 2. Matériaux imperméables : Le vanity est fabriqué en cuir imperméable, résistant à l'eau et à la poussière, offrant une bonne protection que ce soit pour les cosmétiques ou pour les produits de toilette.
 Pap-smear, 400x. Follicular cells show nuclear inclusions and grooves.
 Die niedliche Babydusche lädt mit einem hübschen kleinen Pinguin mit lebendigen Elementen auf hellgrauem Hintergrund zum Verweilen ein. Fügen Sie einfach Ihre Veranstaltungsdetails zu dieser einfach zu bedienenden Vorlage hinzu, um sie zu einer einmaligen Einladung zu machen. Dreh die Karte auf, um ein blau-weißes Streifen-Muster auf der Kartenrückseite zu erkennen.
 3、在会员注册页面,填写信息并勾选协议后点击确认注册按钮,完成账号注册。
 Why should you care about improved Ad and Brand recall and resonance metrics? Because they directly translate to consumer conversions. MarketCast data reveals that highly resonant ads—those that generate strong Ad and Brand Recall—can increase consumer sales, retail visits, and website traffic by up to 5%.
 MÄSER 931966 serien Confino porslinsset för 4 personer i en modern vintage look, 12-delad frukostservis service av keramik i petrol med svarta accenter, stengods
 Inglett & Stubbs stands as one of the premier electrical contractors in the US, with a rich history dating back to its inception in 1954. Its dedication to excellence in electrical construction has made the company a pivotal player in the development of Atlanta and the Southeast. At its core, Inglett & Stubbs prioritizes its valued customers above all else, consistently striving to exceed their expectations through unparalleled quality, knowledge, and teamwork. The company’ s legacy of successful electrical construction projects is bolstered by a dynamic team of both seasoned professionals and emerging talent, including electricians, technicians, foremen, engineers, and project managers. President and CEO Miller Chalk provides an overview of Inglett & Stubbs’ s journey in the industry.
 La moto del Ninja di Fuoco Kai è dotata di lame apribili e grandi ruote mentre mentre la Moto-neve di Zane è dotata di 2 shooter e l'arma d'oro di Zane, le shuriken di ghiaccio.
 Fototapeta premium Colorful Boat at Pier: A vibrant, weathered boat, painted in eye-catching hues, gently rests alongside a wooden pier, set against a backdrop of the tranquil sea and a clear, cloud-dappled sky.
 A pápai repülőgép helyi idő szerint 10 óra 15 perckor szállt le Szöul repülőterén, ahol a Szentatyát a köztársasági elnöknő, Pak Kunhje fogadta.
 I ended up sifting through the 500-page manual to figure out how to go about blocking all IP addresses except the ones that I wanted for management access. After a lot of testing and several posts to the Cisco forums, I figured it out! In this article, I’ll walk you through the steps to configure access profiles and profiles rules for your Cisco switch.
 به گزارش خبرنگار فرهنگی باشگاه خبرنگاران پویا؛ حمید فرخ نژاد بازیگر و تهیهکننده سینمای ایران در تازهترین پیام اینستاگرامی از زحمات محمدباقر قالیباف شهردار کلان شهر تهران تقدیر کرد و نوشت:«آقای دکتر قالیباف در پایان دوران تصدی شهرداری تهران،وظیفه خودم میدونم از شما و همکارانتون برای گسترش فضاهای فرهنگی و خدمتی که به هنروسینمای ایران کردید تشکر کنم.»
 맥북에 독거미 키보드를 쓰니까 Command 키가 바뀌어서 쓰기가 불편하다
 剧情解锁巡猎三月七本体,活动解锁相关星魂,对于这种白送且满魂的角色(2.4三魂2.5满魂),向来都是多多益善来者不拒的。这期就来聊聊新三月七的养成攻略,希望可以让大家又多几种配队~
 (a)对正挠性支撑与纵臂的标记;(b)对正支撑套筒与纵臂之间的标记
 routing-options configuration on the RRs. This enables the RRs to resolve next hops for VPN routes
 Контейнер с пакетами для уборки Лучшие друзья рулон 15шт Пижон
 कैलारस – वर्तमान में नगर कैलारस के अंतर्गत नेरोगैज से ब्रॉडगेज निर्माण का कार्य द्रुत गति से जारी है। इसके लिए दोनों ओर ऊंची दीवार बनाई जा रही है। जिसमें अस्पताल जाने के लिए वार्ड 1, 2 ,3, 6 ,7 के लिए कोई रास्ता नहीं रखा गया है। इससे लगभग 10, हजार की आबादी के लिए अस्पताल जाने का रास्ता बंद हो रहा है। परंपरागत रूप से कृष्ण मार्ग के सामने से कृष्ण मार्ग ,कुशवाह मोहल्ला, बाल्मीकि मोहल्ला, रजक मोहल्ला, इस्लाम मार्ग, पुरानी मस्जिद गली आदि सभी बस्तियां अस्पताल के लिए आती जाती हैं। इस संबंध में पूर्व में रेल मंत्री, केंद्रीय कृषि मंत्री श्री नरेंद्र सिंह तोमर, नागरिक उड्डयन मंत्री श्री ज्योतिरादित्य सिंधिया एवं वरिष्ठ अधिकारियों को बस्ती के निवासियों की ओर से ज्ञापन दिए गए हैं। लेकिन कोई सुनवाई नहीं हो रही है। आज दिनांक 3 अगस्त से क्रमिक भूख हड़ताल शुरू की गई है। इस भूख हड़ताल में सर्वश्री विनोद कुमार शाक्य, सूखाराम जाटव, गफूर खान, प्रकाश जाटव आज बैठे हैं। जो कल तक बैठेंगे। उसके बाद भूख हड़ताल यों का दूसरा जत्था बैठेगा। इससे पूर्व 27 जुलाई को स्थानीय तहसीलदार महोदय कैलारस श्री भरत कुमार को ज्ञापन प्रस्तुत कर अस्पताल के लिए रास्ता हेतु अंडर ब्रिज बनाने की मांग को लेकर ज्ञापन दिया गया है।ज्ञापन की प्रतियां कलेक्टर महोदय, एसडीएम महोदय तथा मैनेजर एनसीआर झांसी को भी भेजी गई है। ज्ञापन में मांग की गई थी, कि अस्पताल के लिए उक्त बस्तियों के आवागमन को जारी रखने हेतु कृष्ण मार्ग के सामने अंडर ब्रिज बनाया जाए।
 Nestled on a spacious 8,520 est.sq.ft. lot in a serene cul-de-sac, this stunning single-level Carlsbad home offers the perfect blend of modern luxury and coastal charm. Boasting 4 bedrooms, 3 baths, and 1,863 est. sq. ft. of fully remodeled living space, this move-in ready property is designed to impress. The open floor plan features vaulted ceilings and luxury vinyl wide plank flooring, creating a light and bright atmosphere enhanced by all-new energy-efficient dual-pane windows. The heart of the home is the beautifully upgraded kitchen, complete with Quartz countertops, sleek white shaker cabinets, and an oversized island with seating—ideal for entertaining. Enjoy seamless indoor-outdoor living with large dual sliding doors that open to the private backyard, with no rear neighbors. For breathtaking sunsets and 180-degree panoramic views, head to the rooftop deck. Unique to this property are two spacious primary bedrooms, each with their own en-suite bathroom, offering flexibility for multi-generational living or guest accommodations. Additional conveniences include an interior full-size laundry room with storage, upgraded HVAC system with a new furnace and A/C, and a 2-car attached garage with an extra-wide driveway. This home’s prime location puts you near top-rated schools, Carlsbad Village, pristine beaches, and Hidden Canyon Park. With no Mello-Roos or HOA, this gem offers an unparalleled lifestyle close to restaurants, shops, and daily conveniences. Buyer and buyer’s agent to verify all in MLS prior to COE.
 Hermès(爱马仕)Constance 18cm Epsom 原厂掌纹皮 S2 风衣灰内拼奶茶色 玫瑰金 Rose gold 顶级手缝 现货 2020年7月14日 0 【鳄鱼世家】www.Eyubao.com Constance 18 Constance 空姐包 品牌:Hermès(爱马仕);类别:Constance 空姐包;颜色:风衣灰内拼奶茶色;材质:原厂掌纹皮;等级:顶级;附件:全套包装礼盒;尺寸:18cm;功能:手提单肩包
◆ ◆ ◆ ◆ ◆ ◆ ◆
With the line holding "剧情解锁巡猎三月七本体,活动" as the first and the line holding "Контейнер с пакетами" as the last, please transcribe exactly the lines of the material above in that range and nothing else.

 剧情解锁巡猎三月七本体,活动解锁相关星魂,对于这种白送且满魂的角色(2.4三魂2.5满魂),向来都是多多益善来者不拒的。这期就来聊聊新三月七的养成攻略,希望可以让大家又多几种配队~
 (a)对正挠性支撑与纵臂的标记;(b)对正支撑套筒与纵臂之间的标记
 routing-options configuration on the RRs. This enables the RRs to resolve next hops for VPN routes
 Контейнер с пакетами для уборки Лучшие друзья рулон 15шт Пижон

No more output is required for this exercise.